Bob Greenspan

Bob Greenspan and Teresa Bollerman are returning to Jackson this week as Down in the Roots. The blues rock band will perform at two restaurants throughout the summer: Moe’s Original Bar B Que from 5 to 8 p.m. every other Wednesday and Roadhouse Pub and Eatery from 3 to 5 p.m. every other Friday.

Get ‘down in the roots’

Summer is coming round, and that means Bob Greenspan and his band, Down in the Roots, are coming back for a season’s worth of concerts around town.

Down in the Roots will have two haunts this year: Moe’s Original Bar B Que, where the group has played before, and the porch at Roadhouse Pub and Eatery on Town Square. The band will play 5 to 8 p.m. Wednesday happy hour sets at Moe’s and 3 to 5 p.m. Friday sets, kicking off this week. The shows will happen every other week.

For those who haven’t heard Greenspan play with the band before, he made one thing clear.

“We play blues rock,” he said. “It rocks out.”

When you think of that genre you might think of Stevie Ray Vaughan, but Greenspan said he doesn’t play any Stevie tunes. Instead, Down in the Roots plays a mix of Chicago and Texas blues, both of which, as Greenspan recalled Buddy Guy saying, are really just Southern blues.

“Someone ask Buddy Guy about Chicago blues, and he said it’s all Southern blues because all the people playing it come from the South,” Greenspan said.

‘Big River’ at Playhouse

Mark Twain’s “Adventures of Huckleberry Finn” is the sort of novel everybody read in middle school, but it’s not the sort of novel you read and forget.

It’s the sort of novel that sticks with you because of its blunt approach to race and prejudice, issues the country deals with every day.

The same is true, Jackson Hole Playhouse Owner Vicki Garnick said, of William Hauptman’s musical adaptation, “Big River: The Adventures of Huckleberry Finn.”

“We feel like it’s so timeless,” Garnick said. “It’s the work of Mark Twain, it’s the story of Huckleberry Finn, but it’s also what we’re dealing with today.”

The Playhouse’s production of “Big River” kicked off last week and will run through August. A grand opening will take place during Thursday’s show, with a question-and-answer session with the members of the cast and crew after the curtain closes.

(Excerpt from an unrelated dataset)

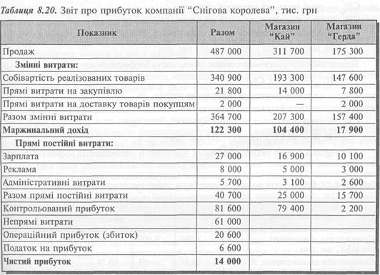 Діяльність керівника магазину "Герда" на підставі такого звіту може дістати негативну оцінку, оскільки має місце збиток у сумі 23 660 тис. грн. Але що засвідчує цей збиток? Чи є він наслідком хибної роботи менеджера? І чи дуже впливають на результат діяльності методи розподілу загальних витрат? Щоб мати відповіді на ці питання, застосуємо маржинальний підхід до складання звітів центрів прибутку. Припустімо, що прямі витрати на закупівлю товарів та доставку їх покупцям є змінними витратами, а решта операційних витрат — постійними. Це дасть нам змогу скласти звіт про прибуток, який послідовно відображає внесок підрозділів у покриття постійних прямих і непрямих витрат (табл. 8.20). Така форма звіту вможливлює оцінювання діяльності менеджера на підставі контрольованих ним показників. Виходячи з цього, бачимо, що керівник магазину "Герда" забезпечив внесок у покриття загальногосподарських витрат у сумі 2 200 тис. грн.

Garnick wanted to produce “Big River” to break out of the Playhouse’s usual, commercial mold and address big-picture issues like race and racism.

“It’s a different reach for us here at the Playhouse,” she said. “We’re trying to capture the love of humanity and say that people matter most, no matter what type of people they are. ”

Thursday’s performance will start at 8 p.m. and run until about 10:15. The Q&A will begin around 10:40.

For tickets, which cost $95 for adults, and more information, go online and search

‘One by One’ to end

A free closing celebration for Bronwyn Minton’s “One by One: A Study in Observation” is scheduled for 5 to 7 tonight at Turner Fine Art.

The exhibit, a collection of work that scrutinizes how humans interact with the natural world through scale and observation, has hung in the gallery since early May. It will close Friday.